El cuarto intento dio resultado. A la llamada al timbre de la puerta siguió un inmediato ruido parecido al de una silla desplazándose por el suelo y una voz quejumbrosa anunciando:
– ¡Voy!
La abuela de Marta Jiménez Campos, Carmela, era una mujer enjuta, bajita y discreta. Vestía una bata que conoció tiempos mejores, algo deshilachada ya, y calzaba unas zapatillas tan viejas como grandes. Con el cabello blanquecino firmemente sujeto en un moño, su rostro daba la sensación de estar igualmente estirado a causa de él. Completaba sus rasgos más destacados con unas mejillas sonrosadas, el inmenso pecho, una buena circunferencia presidiendo su ecuador y unos ojos castigados pero limpios, orlados por una tristeza que, más que fluir de ellos, daba la sensación de estar pegada desde hacía tiempo a su retina. Se les quedó mirando con sensación de desconcierto.
– ¿Señora Carmela? -habló en primer lugar Julia.
– ¿En qué puedo servirles?
– Somos periodistas. Querríamos hablar con usted…
Creían que les pondría objeciones, que les diría que estaba cansada, que acababa de enterrar a su nieta hacía 24 horas, que…
Y en lugar de eso, como si fuera lo más normal y natural del mundo, lo que hizo fue apartarse y decir:
– Ah, bueno, sí. Pasen.
Julia y Gil se quedaron de una pieza.
Les precedió por el piso, pequeño, paredes llenas de marcas y raspaduras en la pintura, algunos cuadros baratos, un pasillo angosto con dos puertas a la derecha y una a la izquierda. La salita, con la cocina visible a través de otra puerta sin cerrar, tenía dos butaquitas de piel marrón, una mesa redonda con tres sillas y un televisor lleno de imágenes en la parte superior. Un aparador con fotografías encima de su repisa completaba la decoración. La ventana daba a un patio de luces en el que otras ventanas se abrían como ojos mirando la intimidad de cada cual.

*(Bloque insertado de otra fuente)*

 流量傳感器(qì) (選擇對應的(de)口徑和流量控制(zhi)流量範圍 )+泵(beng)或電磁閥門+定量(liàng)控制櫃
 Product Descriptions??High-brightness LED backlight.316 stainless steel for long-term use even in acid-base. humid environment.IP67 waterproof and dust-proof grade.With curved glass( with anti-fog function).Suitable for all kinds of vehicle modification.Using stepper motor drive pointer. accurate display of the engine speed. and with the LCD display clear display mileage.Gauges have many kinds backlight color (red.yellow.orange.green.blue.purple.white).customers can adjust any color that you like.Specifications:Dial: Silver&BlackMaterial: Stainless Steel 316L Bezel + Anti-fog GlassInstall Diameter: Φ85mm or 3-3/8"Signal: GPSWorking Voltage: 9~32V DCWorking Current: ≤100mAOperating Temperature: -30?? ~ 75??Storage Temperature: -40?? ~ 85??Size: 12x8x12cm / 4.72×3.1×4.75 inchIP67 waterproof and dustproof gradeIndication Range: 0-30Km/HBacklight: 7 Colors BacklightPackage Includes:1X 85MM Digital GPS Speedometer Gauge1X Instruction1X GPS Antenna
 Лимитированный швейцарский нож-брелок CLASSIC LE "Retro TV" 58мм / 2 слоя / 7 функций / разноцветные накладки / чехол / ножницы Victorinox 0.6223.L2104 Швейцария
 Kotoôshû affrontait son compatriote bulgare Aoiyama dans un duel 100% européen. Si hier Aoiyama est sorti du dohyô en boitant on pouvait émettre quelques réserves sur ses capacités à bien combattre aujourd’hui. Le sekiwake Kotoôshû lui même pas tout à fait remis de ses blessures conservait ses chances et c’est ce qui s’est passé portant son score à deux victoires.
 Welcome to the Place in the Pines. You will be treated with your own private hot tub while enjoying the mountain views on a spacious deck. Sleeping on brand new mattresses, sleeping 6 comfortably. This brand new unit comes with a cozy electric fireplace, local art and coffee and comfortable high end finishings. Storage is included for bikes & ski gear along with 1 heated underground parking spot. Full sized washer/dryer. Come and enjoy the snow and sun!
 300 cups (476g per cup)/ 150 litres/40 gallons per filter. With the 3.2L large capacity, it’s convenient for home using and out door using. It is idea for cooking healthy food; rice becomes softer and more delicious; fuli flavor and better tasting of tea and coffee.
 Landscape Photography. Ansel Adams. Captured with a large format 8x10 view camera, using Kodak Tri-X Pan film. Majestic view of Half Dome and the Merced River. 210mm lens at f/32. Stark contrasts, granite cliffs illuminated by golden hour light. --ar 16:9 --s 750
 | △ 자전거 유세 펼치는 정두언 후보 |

La mujer se sentó en una de las sillas y volvió a mirarles con seriedad, incluso algo cohibida. Julia y Gil hicieron lo mismo en las otras dos. Se daban cuenta de la sencillez no ya del ambiente, sino de su interlocutora. Ella no dudaba de que tenía que responder sus preguntas, así de fácil. Eran periodistas. Su reparto social, tal vez incluso su escala de valores, no incluía el derecho al respeto por la memoria de su nieta o a la preservación de su intimidad. La señora Carmela no entendía de esas cosas. Era como cuando en televisión le enchufaban el micrófono a una testigo con rulos y bata en la puerta de su casa, y ella hablaba sin rodeos y sin tapujos, soltando lo que tenía en la cabeza. La dictadura de la información.
– No querríamos molestarla, señora -se excusó Julia.
– No, si tampoco es que pueda contarles mucho, ¿saben? -se excusó aún más la mujer.
– Imaginamos que le habrán hecho tantas preguntas…
– La policía -asintió-. Pero ustedes son los primeros periodistas.
Temieron que les preguntara de qué medio informativo eran. No fue así. Julia sacó su bloc para dar impresión de profesionalidad. Hasta ese momento no habían tomado una sola nota. Fue como si se dieran cuenta de ello los dos al alimón.
– ¿Le importa que la grabe?
– No, no, hija. Lo que haga falta.
Julia sacó la grabadora, la puso en marcha y miró a Gil.
La paciencia y serenidad de la señora Carmela eran increíbles.
– Háblenos de Marta -inició el interrogatorio él.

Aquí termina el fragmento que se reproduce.